Spot on, mate and I totally agree with all of that ^^^ :thumb: There is a clear and defined market for both types of product and I see no reason why they can't co-exist happily.

To use an analogy, many would say CDs were the death of the LP, but not really - they still thrived with the vinyl enthusiasts.


----------



## Gruffs (Dec 10, 2007)

Pit Viper said:


> Spot on, mate and I totally agree with all of that ^^^ :thumb: There is a clear and defined market for both types of product and I see no reason why they can't co-exist happily.
> 
> To use an analogy, many would say CDs were the death of the LP, but not really - they still thrived with the vinyl enthusiasts.


CD's were the death of the Cassette though PV


----------



## Dodo Factory (Apr 11, 2007)

Gruffs said:


> So the reality is Dom that the advancing tech will be adopted even by those who think they are using a trad. wax?
> 
> P.S I've got a pot of RR on my desk and i can't pinpoint what it smells of. Can you enlighten me?


If the current market is anything to go by, where 'waxes' are often sophisticated chemical soups and some hi-tech products fail to live up to their promises, it would suggest that it is best to go on a 'product by product' basis than believe what the marketers tell you. Some products marketed as simple waxes in the future could be just as sophisticated as those that openly profess to being at the cutting edge of technology.

There are some great products out there, that really do work, by G-Techniq and Nanolex, for example. But the market will not be confined to these two players and rival products may offer similar characteristics - whether they are marketed in that manner or not.

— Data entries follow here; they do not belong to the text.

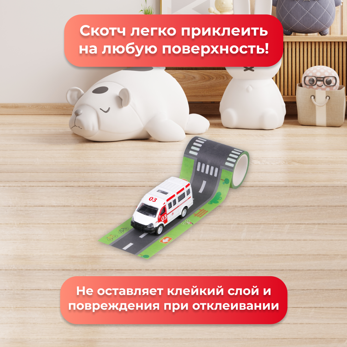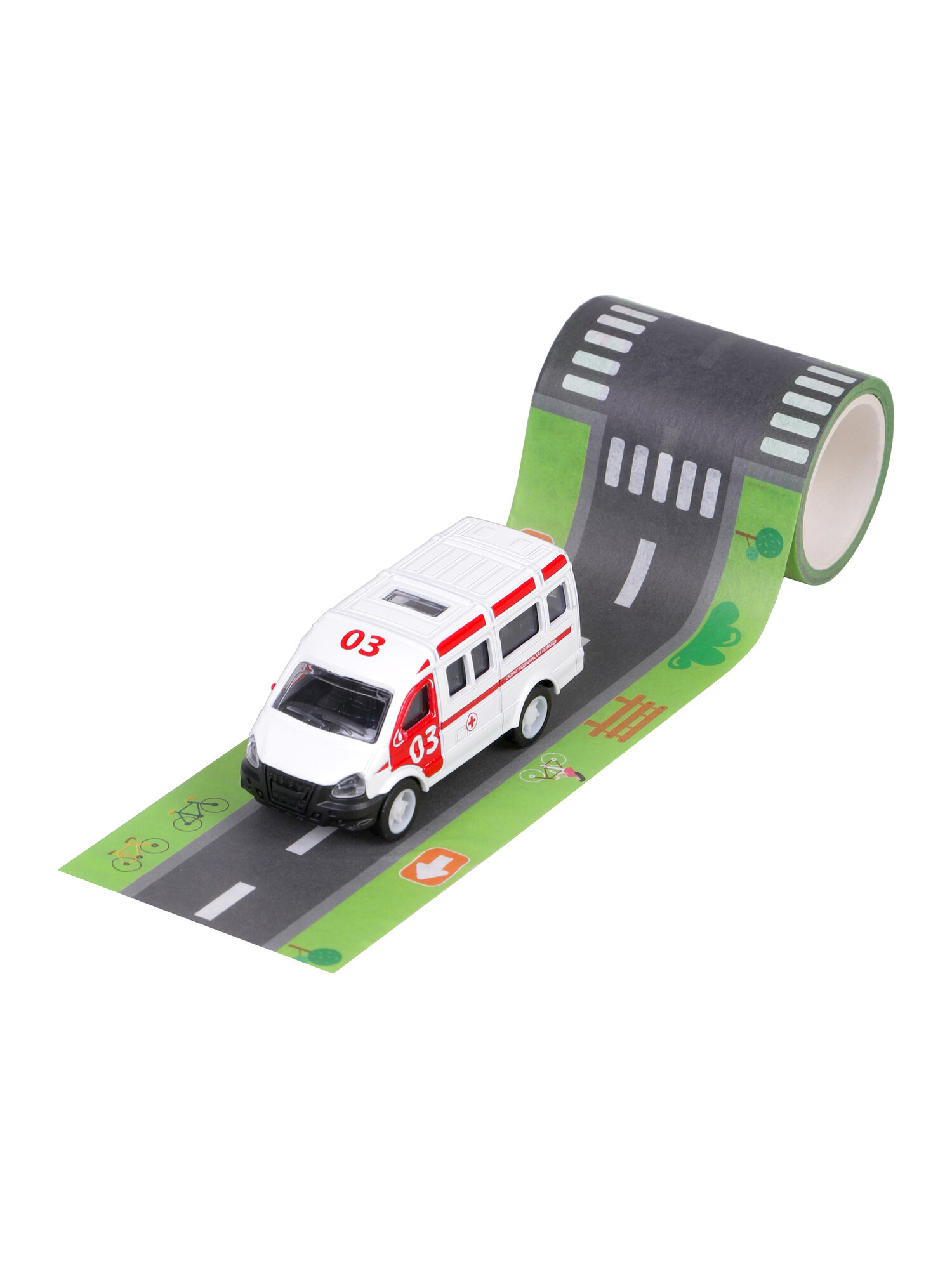 Набор Спецтранспорт Автодорога: металлическая машинка Скорая помощь и скотч-дорога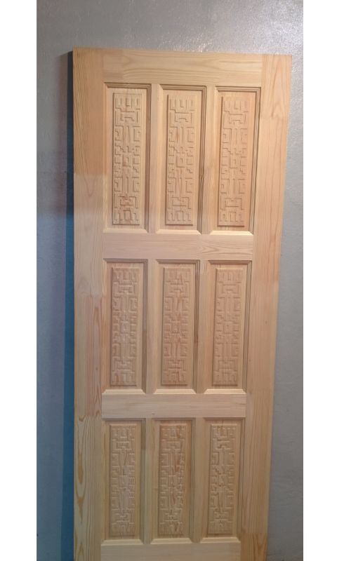 Дверь деревянная сосновая сделанная из массива хвойных пород древесины, имеет по периметру 9 фрезерованных филенок, фрезеровка филенки выполнена только с одной стороны, с другой стороны филенки гладкие.Толщина этой двери 40 мм, двери сосновые из дерева идут в комплекте с коробчатым брусом шириной 65 мм.Если коробчатый брус по ширине не подходит, есть всегда в наличии брус 90,70 мм, брус коробчатый 100 мм изготавливается под заказ.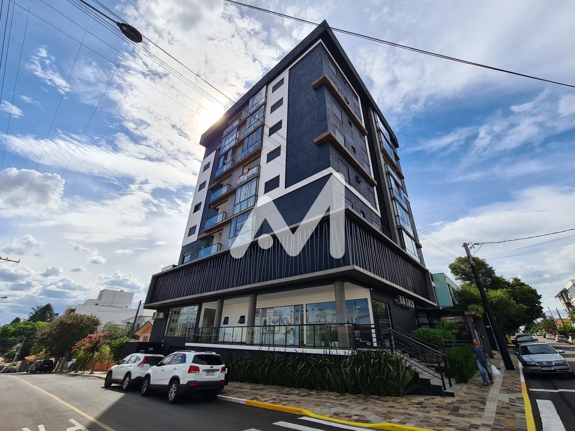 Prédio com elevador, hall de entrada decorado, academia e salão de festas.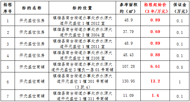 (五)拍租鎮(zhèn)雄縣開(kāi)發(fā)投資有限責(zé)任公司國(guó)有資產(chǎn)3年期使用權(quán),詳見(jiàn)下表: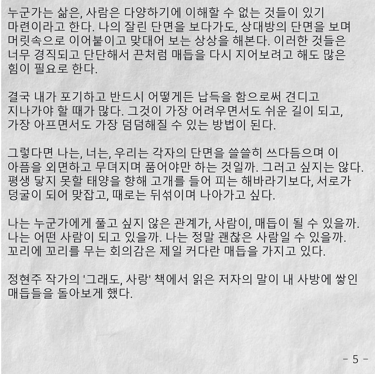 정현주 작가의 '그래도, 사랑' 책에서 읽은 저자의 말이 내 사방에 쌓인 매듭들을 돌아보게 했다.

It's really a question of interrogating the product at hand, rather than making an assumption based on product type or marketing spiel. We made a few assumptions about products based on what competitors were marketing them as, then raised an eyebrow or two when we realised the scientific reality.

Car care is car care, and the higher the tech the better in many cases. But whilst some people obsess about durability, technology also allows products to be easier to use, cheaper to buy, safer to use, better for the environment or whatever. Every product on the market is likely to benefit... even the simpler waxes.

I think you will find the common or garden waxes starting to perform more like the hi-tech wonderproducts, and the hi-tech wonderproducts becoming as easy to use as the common or garden waxes  There will be a bit of a meeting in the middle, probably.


----------



## Ross (Apr 25, 2007)

The only thing I want to last a year on my car is a sealant for the alloys I always end up putting something on my car every 3-4 months.


----------



## Ross (Apr 25, 2007)

AndyC said:


> The Saab will be getting Nanolex'd within the next 4-6 weeks as part of its annual detail. It's covered 38,500 miles in less than 10 months and I need something which means it can wash back to looking good quickly and easily without the need for a religious weekly wash.
> 
> The 205 will continue to wear whatever paste wax takes my fancy - no longlife stuff needed at all.


Ruddy hell thats a lot of driving :car:


----------



## gtechrob (Sep 11, 2006)

going to slightly throw my toys out of the pram here. nanolex is nothing like c1. if anyone wants to run a side by side half half or just take a look at the products then i can arrange something.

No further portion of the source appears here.